> [Given records]:
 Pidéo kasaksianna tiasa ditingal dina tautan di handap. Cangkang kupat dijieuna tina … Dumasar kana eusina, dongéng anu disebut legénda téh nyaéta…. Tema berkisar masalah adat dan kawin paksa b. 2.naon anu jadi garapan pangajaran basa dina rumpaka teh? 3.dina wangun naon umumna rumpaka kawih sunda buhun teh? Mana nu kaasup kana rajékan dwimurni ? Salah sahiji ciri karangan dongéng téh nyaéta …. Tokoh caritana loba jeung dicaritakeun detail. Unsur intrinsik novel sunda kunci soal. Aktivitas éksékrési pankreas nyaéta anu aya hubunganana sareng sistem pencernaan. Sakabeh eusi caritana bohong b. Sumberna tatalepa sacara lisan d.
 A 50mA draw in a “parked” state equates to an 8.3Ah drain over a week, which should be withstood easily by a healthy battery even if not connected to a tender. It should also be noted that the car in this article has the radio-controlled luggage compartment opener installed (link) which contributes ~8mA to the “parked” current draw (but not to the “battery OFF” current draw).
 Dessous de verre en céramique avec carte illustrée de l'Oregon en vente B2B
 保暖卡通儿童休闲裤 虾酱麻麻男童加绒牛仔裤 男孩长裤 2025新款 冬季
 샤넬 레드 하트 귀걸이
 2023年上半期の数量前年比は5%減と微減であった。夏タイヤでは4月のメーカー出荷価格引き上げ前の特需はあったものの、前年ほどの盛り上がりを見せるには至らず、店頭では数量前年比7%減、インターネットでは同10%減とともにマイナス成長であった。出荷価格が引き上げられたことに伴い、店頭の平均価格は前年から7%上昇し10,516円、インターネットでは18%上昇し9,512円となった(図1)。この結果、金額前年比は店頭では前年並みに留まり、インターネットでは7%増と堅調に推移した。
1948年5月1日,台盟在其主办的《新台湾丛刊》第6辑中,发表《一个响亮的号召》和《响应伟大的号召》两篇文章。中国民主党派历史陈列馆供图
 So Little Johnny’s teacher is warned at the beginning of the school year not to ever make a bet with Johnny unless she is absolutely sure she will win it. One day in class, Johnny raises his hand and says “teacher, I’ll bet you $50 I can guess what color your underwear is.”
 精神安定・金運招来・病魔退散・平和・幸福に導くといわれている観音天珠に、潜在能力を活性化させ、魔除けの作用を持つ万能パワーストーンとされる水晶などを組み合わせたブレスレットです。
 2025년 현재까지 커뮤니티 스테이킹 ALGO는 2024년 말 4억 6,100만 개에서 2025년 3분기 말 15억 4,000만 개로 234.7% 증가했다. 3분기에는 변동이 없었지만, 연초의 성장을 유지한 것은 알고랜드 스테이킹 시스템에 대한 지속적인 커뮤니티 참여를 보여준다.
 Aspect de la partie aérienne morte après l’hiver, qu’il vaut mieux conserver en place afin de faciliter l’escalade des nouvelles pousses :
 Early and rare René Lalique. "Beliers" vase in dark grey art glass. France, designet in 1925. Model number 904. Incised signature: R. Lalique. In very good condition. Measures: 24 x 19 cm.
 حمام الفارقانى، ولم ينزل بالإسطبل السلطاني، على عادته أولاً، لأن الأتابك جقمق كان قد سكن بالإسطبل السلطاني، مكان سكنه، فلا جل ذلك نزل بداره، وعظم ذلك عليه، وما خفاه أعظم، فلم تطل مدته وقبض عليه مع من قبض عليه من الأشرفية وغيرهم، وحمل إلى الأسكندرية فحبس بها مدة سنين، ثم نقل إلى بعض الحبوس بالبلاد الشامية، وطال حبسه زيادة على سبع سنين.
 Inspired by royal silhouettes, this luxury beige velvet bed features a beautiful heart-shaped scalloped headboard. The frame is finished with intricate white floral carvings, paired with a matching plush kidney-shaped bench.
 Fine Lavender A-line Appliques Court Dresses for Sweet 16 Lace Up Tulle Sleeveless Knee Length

> [Instructions for the task]:
Would you please set down the lines from the one with "精神安定・金運招来・病魔退散" to the end of the data above, exactly and without any other lines?

> [Solution for this exercise]:
 精神安定・金運招来・病魔退散・平和・幸福に導くといわれている観音天珠に、潜在能力を活性化させ、魔除けの作用を持つ万能パワーストーンとされる水晶などを組み合わせたブレスレットです。
 2025년 현재까지 커뮤니티 스테이킹 ALGO는 2024년 말 4억 6,100만 개에서 2025년 3분기 말 15억 4,000만 개로 234.7% 증가했다. 3분기에는 변동이 없었지만, 연초의 성장을 유지한 것은 알고랜드 스테이킹 시스템에 대한 지속적인 커뮤니티 참여를 보여준다.
 Aspect de la partie aérienne morte après l’hiver, qu’il vaut mieux conserver en place afin de faciliter l’escalade des nouvelles pousses :
 Early and rare René Lalique. "Beliers" vase in dark grey art glass. France, designet in 1925. Model number 904. Incised signature: R. Lalique. In very good condition. Measures: 24 x 19 cm.
 حمام الفارقانى، ولم ينزل بالإسطبل السلطاني، على عادته أولاً، لأن الأتابك جقمق كان قد سكن بالإسطبل السلطاني، مكان سكنه، فلا جل ذلك نزل بداره، وعظم ذلك عليه، وما خفاه أعظم، فلم تطل مدته وقبض عليه مع من قبض عليه من الأشرفية وغيرهم، وحمل إلى الأسكندرية فحبس بها مدة سنين، ثم نقل إلى بعض الحبوس بالبلاد الشامية، وطال حبسه زيادة على سبع سنين.
 Inspired by royal silhouettes, this luxury beige velvet bed features a beautiful heart-shaped scalloped headboard. The frame is finished with intricate white floral carvings, paired with a matching plush kidney-shaped bench.
 Fine Lavender A-line Appliques Court Dresses for Sweet 16 Lace Up Tulle Sleeveless Knee Length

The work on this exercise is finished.